Desde el principio —y durante los dos primeros meses— hubo una serie de debates en otros espacios virtuales, en donde los lectores se preguntaban sobre la existencia del personaje, sobre la veracidad de sus historias y la posibilidad real del contexto en que interactuaba. Más tarde, cuando la ficción se tornó evidente, fueron necesarios rótulos para definir el género. Si no me equivoco, la palabra 'blogonovela' se pronunció por primera vez en Tribuna Libre, en referencia al WDUMG, y se institucionalizó en un programa de televisión sobre tecnología, meses más tarde. En general, las críticas alrededor del proyecto han sido inmejorables.
A pesar de un lenguaje con demasiado lunfardo argentino, los lectores de Más respeto, que soy tu madre se han acercado a la historia desde diferentes países, edades y clases sociales, generando, gracias a esto, un intercambio de ideas y opiniones en los comentarios que, muchas veces, resultó mucho más enriquecedor que el capítulo en sí mismo.
Españoles, argentinos e hispanos de Norteamérica (casi en idéntica proporción), junto al resto de países de habla castellana, leyeron y escribieron sobre ideas comunes y universales, o dieron su visión particular sobre infinidad de cuestiones, manteniendo, sin excepción durante cinco mil comentarios, un clima de infrecuente cordialidad.
La primera etapa de Más respeto, que soy tu madre llegó a su fin escapando de los motivos tópicos que sirven como excusa para dar por terminado un blog. 'Mirta Bertotti' no deja de escribir por cansancio, ni por la incomprensión del mundo, ni por falta de lectores, ni por un descenso de la audiencia, ni porque ya no le resulte placentero hacerlo. El personaje, según ha dicho, ha dejado de escribir porque merece vacaciones (y si ella lo dice, será cierto).
La experiencia, en lo personal, ha sido riquísima e intransferible. Recomiendo con efusividad a escritores y periodistas incursionar en este género, que posee las grandes ventajas de la literatura y de la columna editorial, y carece de sus desventajas evidentes.
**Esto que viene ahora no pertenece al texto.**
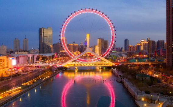 “天津之眼”摩天轮坐落于朱棣率千军万马渡河之处——永乐桥上,是世界唯一一座跨河建筑、桥轮合一的摩天轮,兼具观光和交通功能。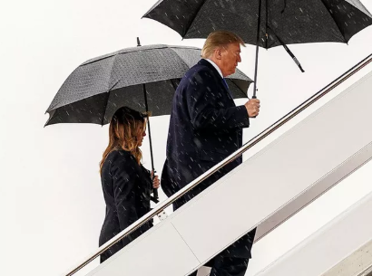 Đoạn video được truyền thông Mỹ đăng tải cho thấy ông Donald Trump dường như quên mất đệ nhân phu nhân của mình. Tổng thống Mỹ cầm ô đi một đoạn xa trước khi nhận ra bà Melania không có ở bên cạnh và phải dừng lại chờ vợ trên bãi cỏ của Nhà Trắng.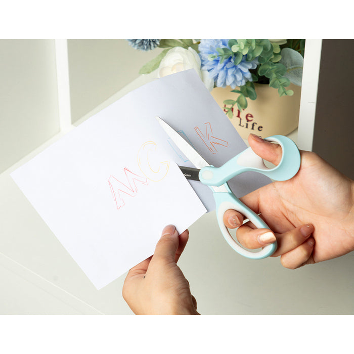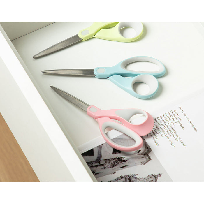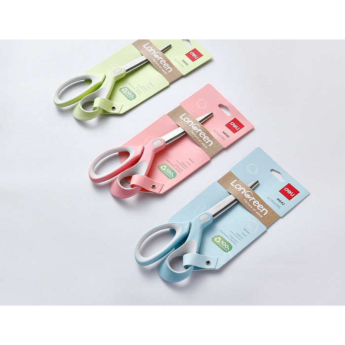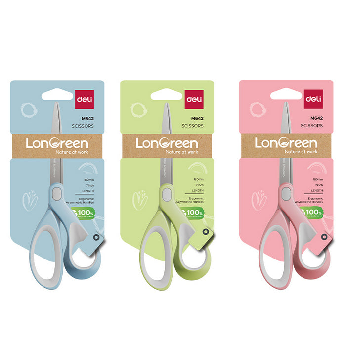 cu manere asimetrice si grip cauciucat. Lame rezistente din otel inoxidabil. Varf usor rotunjit. Forma ergonomica pentru o utilizare confortabila. Disponibila in 3 culori pastel. Dimensiuni: 18 x 7.5 x 1.2 cm.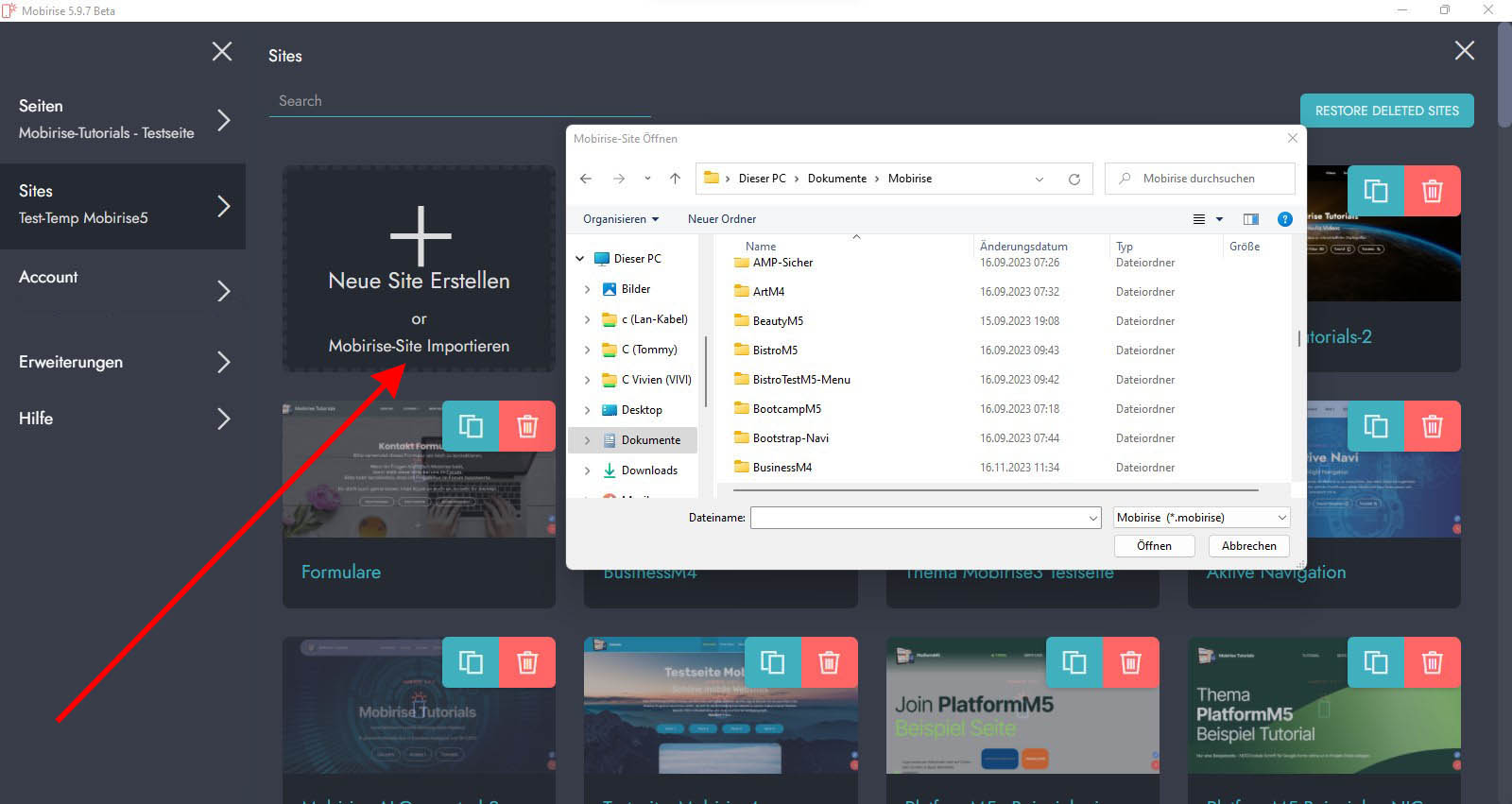 > Menü > Sites > oben an schwarzer Kachel auf den Link "Mobirise-Site importieren" klicken

Como literatura, posee la inmediatez de respuesta que sólo nos da la publicación diaria; y como periodismo, la posibilidad de mentir sin ir presos (opción que sólo nos brinda la ficción o la actividad política).
Mirta Bertotti volverá en abril con su segunda y última etapa, posiblemente con un concepto diferente (post más cortos, o más espaciados en el tiempo), y dejaré de publicarla definitivamente el 1º de agosto de 2004, dejando la posta a otros autores que quieran fusionar el viejo folletín con las nuevas tecnologías. Pero más que nada, porque quiero dedicarme de lleno a otros proyectos, como este Orsai que comienza hoy.